What you need to do.
Tally the lines of the entries below that hold the word "your", and please give only the total.

==== Given data ====

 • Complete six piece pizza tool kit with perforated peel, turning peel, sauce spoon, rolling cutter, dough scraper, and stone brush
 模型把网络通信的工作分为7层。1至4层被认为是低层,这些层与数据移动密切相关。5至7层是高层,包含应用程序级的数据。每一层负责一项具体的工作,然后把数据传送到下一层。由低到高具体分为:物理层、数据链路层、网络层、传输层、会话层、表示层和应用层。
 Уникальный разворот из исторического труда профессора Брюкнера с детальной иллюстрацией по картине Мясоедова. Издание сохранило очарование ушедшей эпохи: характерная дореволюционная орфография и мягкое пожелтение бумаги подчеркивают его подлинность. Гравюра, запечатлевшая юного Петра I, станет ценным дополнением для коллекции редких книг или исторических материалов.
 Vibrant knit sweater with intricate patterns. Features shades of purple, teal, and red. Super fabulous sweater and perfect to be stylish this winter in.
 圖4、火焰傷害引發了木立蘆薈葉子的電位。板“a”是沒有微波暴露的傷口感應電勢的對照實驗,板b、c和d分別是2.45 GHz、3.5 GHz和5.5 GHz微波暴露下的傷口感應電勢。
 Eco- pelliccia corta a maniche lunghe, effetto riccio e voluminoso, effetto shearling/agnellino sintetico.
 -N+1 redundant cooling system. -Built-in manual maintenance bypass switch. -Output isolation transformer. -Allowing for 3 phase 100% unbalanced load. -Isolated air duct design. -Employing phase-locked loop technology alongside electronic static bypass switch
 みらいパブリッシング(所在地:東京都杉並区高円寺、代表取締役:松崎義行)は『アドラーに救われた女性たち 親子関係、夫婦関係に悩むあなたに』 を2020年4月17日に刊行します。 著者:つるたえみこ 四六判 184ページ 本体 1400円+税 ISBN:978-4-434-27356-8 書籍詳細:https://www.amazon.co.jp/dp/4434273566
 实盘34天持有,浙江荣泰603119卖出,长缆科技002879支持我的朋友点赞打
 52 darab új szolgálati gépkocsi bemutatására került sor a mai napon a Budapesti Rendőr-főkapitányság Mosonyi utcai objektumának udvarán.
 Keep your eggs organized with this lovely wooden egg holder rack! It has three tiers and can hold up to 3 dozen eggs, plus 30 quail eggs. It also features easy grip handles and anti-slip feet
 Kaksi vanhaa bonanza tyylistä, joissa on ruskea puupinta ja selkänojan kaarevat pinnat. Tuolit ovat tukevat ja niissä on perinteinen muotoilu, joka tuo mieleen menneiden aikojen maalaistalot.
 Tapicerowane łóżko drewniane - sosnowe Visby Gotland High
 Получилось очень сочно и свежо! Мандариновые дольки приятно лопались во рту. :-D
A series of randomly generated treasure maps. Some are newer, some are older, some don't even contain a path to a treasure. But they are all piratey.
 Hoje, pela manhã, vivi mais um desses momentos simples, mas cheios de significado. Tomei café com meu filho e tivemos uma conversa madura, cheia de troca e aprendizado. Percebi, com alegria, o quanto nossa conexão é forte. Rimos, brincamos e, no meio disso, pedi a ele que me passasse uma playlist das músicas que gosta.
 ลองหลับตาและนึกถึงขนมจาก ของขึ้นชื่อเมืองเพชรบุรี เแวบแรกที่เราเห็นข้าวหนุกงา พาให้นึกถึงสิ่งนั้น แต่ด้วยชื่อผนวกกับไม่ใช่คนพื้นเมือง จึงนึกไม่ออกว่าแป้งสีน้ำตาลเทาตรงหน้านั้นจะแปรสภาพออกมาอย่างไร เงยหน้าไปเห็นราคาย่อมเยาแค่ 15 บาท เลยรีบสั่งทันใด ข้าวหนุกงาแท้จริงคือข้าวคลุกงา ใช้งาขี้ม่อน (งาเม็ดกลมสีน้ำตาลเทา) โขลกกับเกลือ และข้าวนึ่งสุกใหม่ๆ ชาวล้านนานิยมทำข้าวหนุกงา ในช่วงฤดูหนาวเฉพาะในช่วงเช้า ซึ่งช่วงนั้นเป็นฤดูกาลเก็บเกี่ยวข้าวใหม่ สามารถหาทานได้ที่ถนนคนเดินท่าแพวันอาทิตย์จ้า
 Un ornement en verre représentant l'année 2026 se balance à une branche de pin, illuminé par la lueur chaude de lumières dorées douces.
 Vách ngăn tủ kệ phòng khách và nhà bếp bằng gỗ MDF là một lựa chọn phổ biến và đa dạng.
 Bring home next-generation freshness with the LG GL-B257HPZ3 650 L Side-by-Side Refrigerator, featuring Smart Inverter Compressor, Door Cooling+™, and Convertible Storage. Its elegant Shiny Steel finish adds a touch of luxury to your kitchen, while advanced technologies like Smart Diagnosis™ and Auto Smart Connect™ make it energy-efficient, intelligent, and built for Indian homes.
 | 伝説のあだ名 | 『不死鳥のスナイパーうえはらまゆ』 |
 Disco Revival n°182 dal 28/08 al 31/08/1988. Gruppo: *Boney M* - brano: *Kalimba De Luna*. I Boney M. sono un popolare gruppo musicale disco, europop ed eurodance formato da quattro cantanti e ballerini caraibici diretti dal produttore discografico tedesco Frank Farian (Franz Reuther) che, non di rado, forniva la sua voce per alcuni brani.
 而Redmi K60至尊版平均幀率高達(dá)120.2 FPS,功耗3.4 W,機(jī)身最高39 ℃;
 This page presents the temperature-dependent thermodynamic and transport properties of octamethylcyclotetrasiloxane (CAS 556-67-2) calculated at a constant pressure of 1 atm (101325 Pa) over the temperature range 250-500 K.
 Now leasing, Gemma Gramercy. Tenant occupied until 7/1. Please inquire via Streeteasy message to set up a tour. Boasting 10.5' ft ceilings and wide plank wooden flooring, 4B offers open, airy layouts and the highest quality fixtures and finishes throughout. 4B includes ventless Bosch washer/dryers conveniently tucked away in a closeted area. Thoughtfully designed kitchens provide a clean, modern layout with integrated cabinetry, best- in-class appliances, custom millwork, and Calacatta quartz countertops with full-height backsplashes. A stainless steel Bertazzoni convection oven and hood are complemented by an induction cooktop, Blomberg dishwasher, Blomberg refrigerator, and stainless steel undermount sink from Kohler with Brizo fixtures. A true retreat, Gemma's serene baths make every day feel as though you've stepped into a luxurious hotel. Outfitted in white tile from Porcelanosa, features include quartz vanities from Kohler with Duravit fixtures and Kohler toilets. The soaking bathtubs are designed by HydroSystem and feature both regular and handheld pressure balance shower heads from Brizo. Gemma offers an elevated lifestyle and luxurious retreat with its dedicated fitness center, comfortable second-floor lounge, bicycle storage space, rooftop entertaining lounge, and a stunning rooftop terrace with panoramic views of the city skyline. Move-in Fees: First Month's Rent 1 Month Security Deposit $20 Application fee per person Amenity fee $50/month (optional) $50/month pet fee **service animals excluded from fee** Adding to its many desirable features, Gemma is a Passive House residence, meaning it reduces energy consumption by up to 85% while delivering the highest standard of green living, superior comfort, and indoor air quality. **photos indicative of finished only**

====

Answer space.
2